Toward tax equality

New IRS decision will impact same-sex partners’ tax bills

Sacramento CPA and tax practitioner Guy Crouch says a new administrative decision may have tax repercussions on registered domestic partners.

Sacramento CPA and tax practitioner Guy Crouch says a new administrative decision may have tax repercussions on registered domestic partners.

Photo By David jayne

It took the Internal Revenue Service to bring down Al Capone after other law enforcement had been unable to do so. Will it be the IRS that finally brings down DOMA, the Defense of Marriage Act?

Local CPA and tax practitioner Guy Crouch told SN&R that’s not a far-fetched possibility. A recent administrative decision by the IRS Office of Chief Counsel will have a profound effect on thousands of California couples by removing yet another layer of discriminatory treatment for same-sex partners, and it will, Crouch said, “change the landscape” for California’s registered domestic partners and same-sex married couples.

“Don’t think the Al Capone reference is too flip,” said Crouch, the owner of Strategic Accounting Solutions in Sacramento. “Sometimes big changes come from the strangest places.”

In three recent documents—two memorandums and a letter, dated May 5, May 6 and May 28 respectively—the IRS noted that California domestic partners have been granted full community-property treatment under state tax law since 2007 (the result of Senate Bill 1827, passed in 2006). Given that “federal tax law generally respects state property law characterizations and definitions,” the IRS views the individual incomes of both members of a registered domestic partnership to be community property.

That means that, even though domestic partners and same-sex married couples must still file separate federal tax returns, they will need to combine their total income and split it in half, with each partner taking responsibility for one half the federal tax obligation. The need for separate taxes at the federal level is required by DOMA.
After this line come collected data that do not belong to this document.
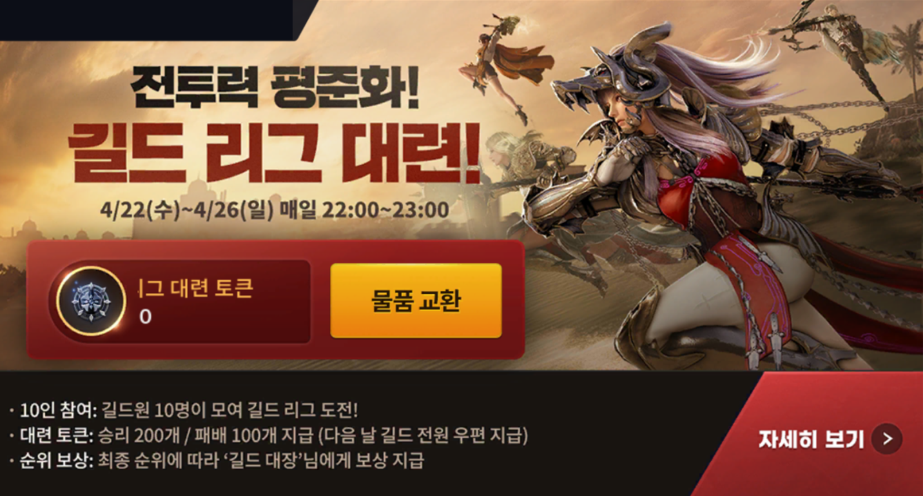 - 4월 22일(수) ~ 4월 26일(일) 매일 22:00 ~ 23:00 기간에 '전투력 평준화 버전'의 길드 리그가 진행됩니다.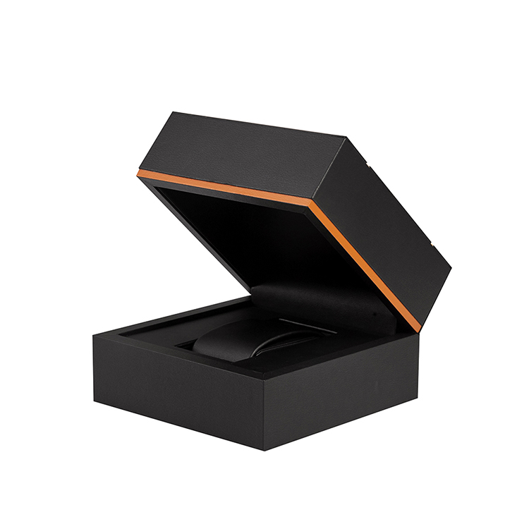 Wholesale Custom Luxury Black PU Leather Cardboard Case Single Watch Jewelry Packaging Box With Embossed Logo
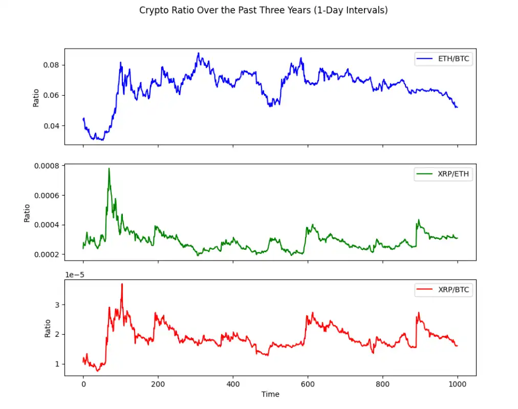 汇率合约通常呈现出一定的可预测性。例如,以 ETH/BTC 汇率为例,这一比率在一段时间内可能呈现出回归的趋势。这种可预测性使投资者能够更好地规划他们的交易策略。下图三个汇率合约 K 线的走势,清楚地展示了其均值回归的特性。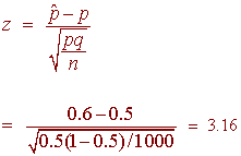 Notice that in this formula, we have used the hypothesized proportion rather than the sample proportion. This is because if the null hypothesis is correct, then .5 is the true proportion and we are not making any approximations. We compute the rejection region using the z-table. We find that zc = 2.33. The picture shows us that 3.16 is in the rejection region. Therefore we reject H0 so can conclude that the democratic candidate will win with a p-value of .0008.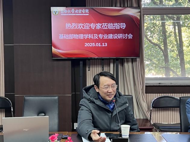 1月13日上午,基础部在真知馆207会议室成功举办了基础部物理学科及专业建设研讨会。本次会议邀请了南京大学王骏教授和Beat365亚洲版官网杨永宏教授作为专家参与研讨,共同探讨基础部物理学科及专业建设的未来发展路径。Beat365官网常务副院长黄学良、副院长戴玉蓉、组织人事部部长汪旭东、基础部党政领导以及物理教研室全体教师参加会议,会议由基础部党总支书记董梅芳主持。
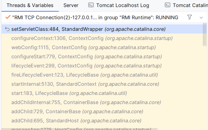 Servlet 初始化 在 org.apache.catalina.core.StandardWrapper#setServletClass() 处下断点调试,调用栈如下: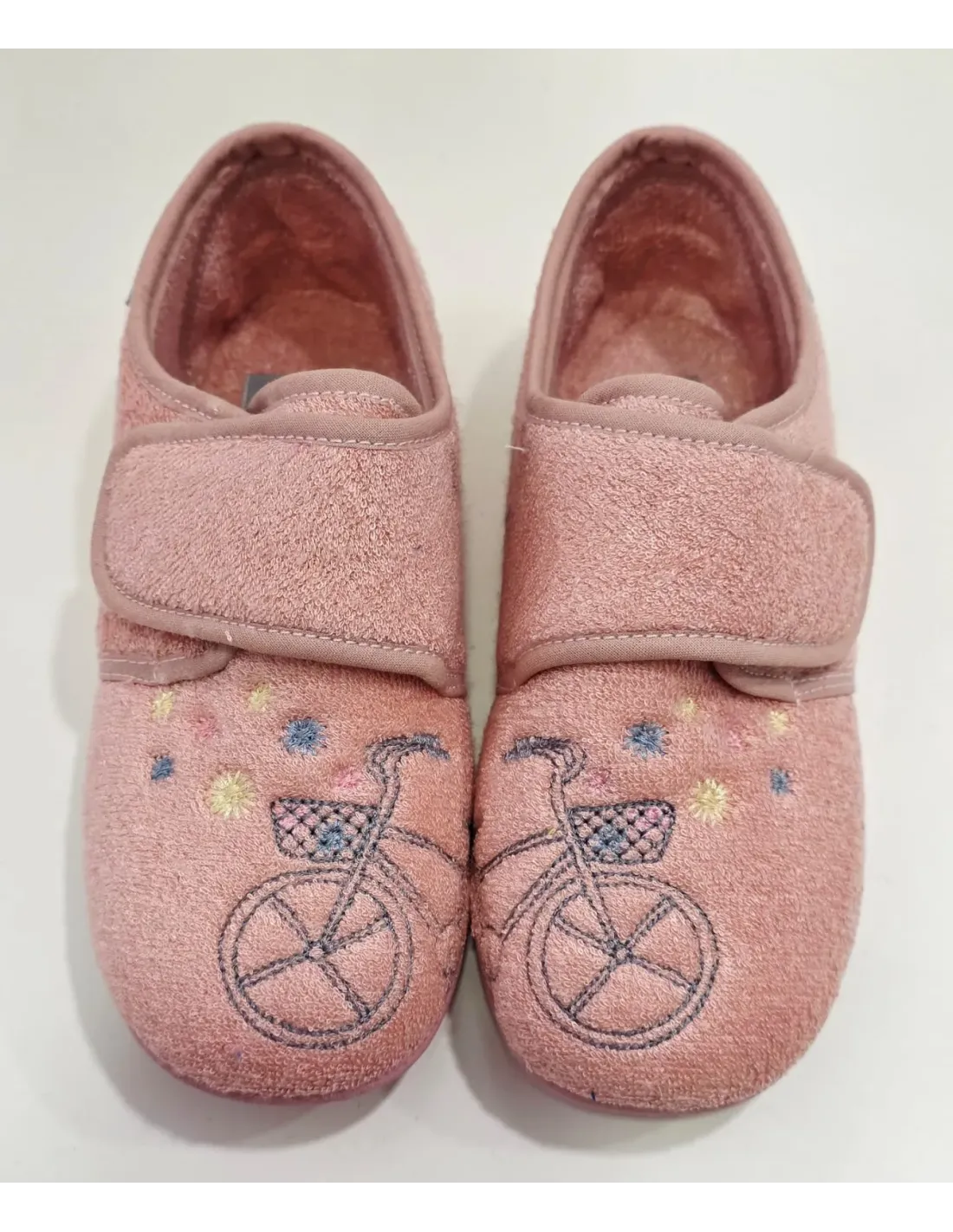Zapatillas de casa en rizo (toalla) de corte blucher. Cierre mediante velcro ancho. Forro y plantilla, antibacteriana, en textil. Suela de goma antideslizante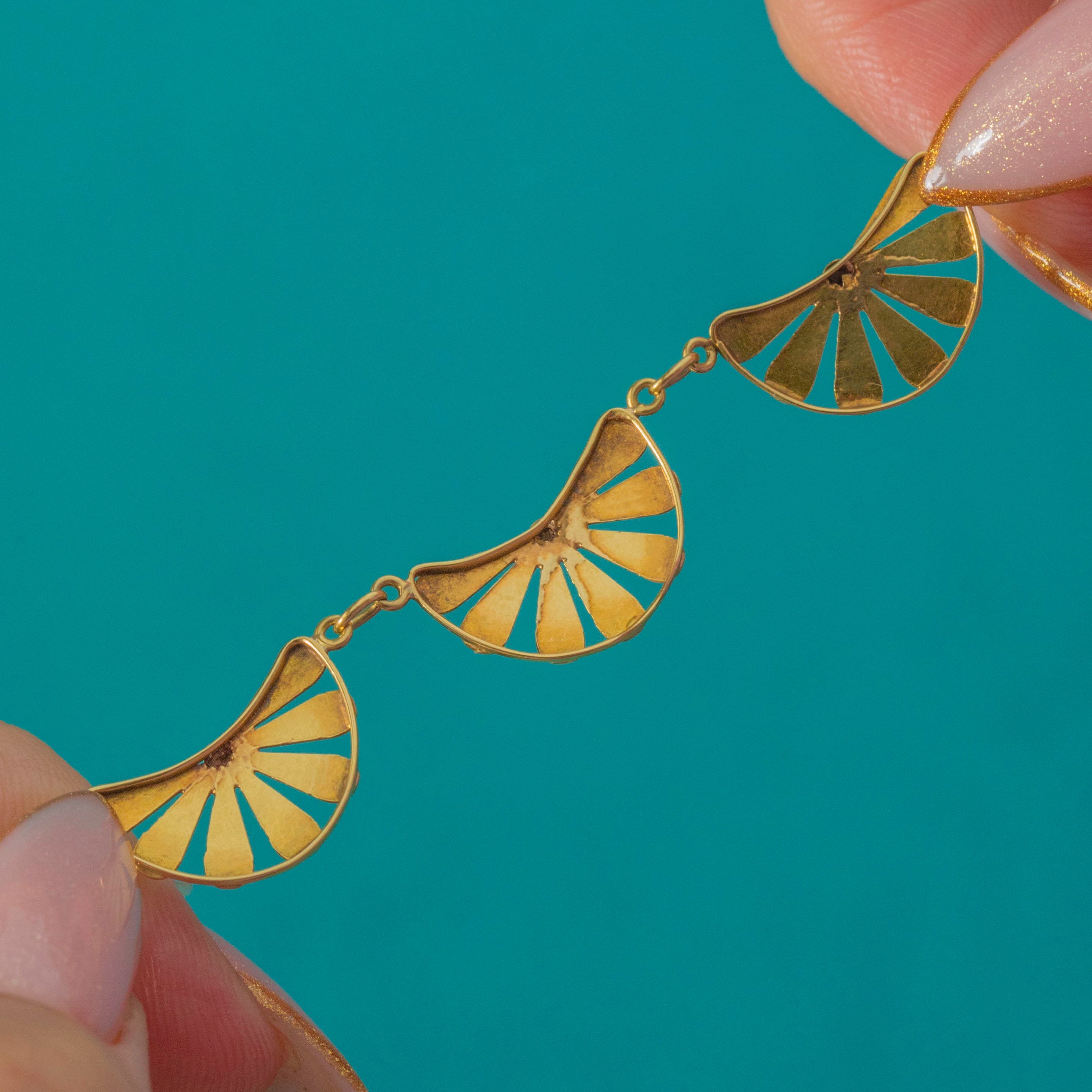 This beautiful French Art Deco “Daisy” necklace was hand-crafted in the 1920s from rich 18ct Gold.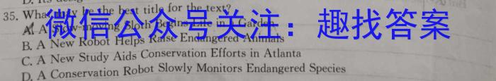 35.What may be the best title for the text?A A S low-moving Sloth Begins Life in a GardenowB.A New Robot Helps Raise Endangered AnimalsC.A New Study Aids Conservation Efforts in AtlantaD.A Conservation Robot Slowly Monitors Endanger e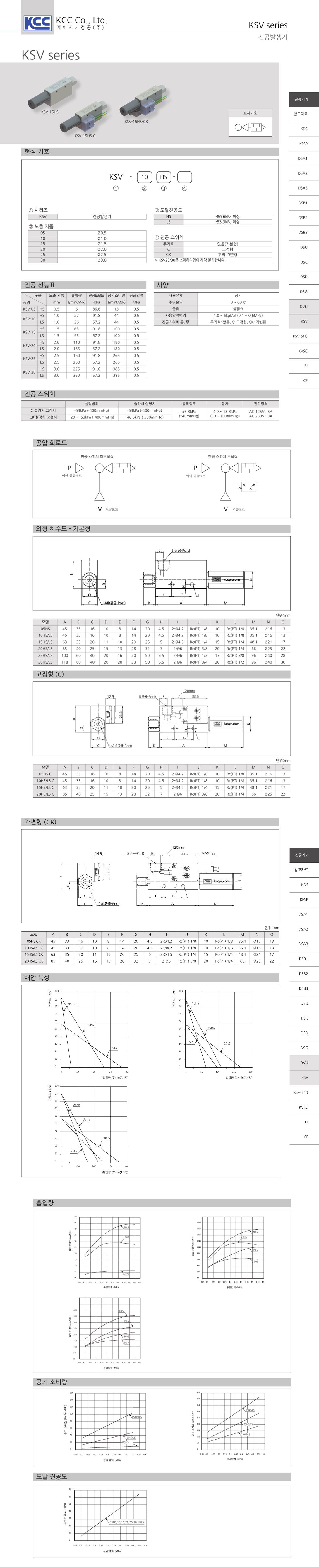 KSV 진공발생기 / 노즐지름-도달진공도-진공스위치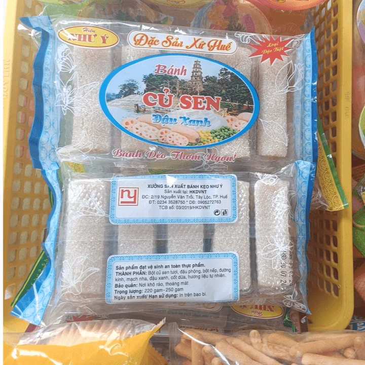 Bánh củ sen đậu xanh Huế là một món ăn vặt rất tốt đối với sức khỏe. Với nguyên liệu chính là củ sen và đậu xanh. Củ sen là một loại củ rất quen thuộc đối với người dân Châu Á.

The change will have some repercussions for the tax bill.

If both couples make approximately the same amount of money, their total tax bill should remain fairly constant. But if one partner makes more—or all—of the couple’s income, this change can significantly lower the tax owed. “Especially if there’s a large disparity of income, that’s where you’re going to see the most difference,” said Crouch. Decisions about amending prior returns will need to be made on a case-by-case basis.

Not all California registered domestic partners were married during the five-month window when same-sex marriage was legal in the state, and not all legally married same-sex couples are also RDPs. “The same-sex married couples are not addressed at all” in the documents, Crouch said. However, he pointed out that those couples have valid marriages in California and are under California’s community property law. “I would presume that I would treat them the same way,” he said, “but the IRS did not address that.”

What the IRS decision really amounts to is a step toward tax equality that asks more questions than it answers. SN&R contacted the IRS media representative for Sacramento County and was told that there would be no comment, as the agency would let the documents speak for themselves.

But what about taxing health insurance? Currently, when one partner in a domestic partnership or same-sex marriage obtains health insurance for the other at work, it is not taxable at the state level, but taxable at the federal level. “The partner who is getting the insurance has lower wages listed on his or her W-2 by the amount paid for health insurance for the state than wages listed for the federal government,” Crouch said. The question is, does the health-insurance benefit count as community property?

“The answer is: Stay tuned,” he said. California tax professionals will need to consult with each other and legal experts over the rest of this year in order to answer questions like this.

Crouch thinks that this decision will add at least one more layer of paperwork to the tax-filing process for same-sex couples. Currently, same-sex couples must file separate federal tax returns, complete a “fake” federal tax return as if they were married filing jointly, and then use that “fake” federal return to complete a state return as either RDPs or married filing jointly.

Yes, every step toward equality seems to add an additional level of paperwork for gay people.

“It’s not fair,” said Crouch, noting that a traditional married couple has nowhere near the hassle in filing taxes as same-sex couples do. “If they were really going to achieve full tax equality, they ought to let RDP couples and same-sex married couples file a joint federal return.”

But, hey, if the IRS could bring down Capone, maybe it can take down tax and marriage inequality, too.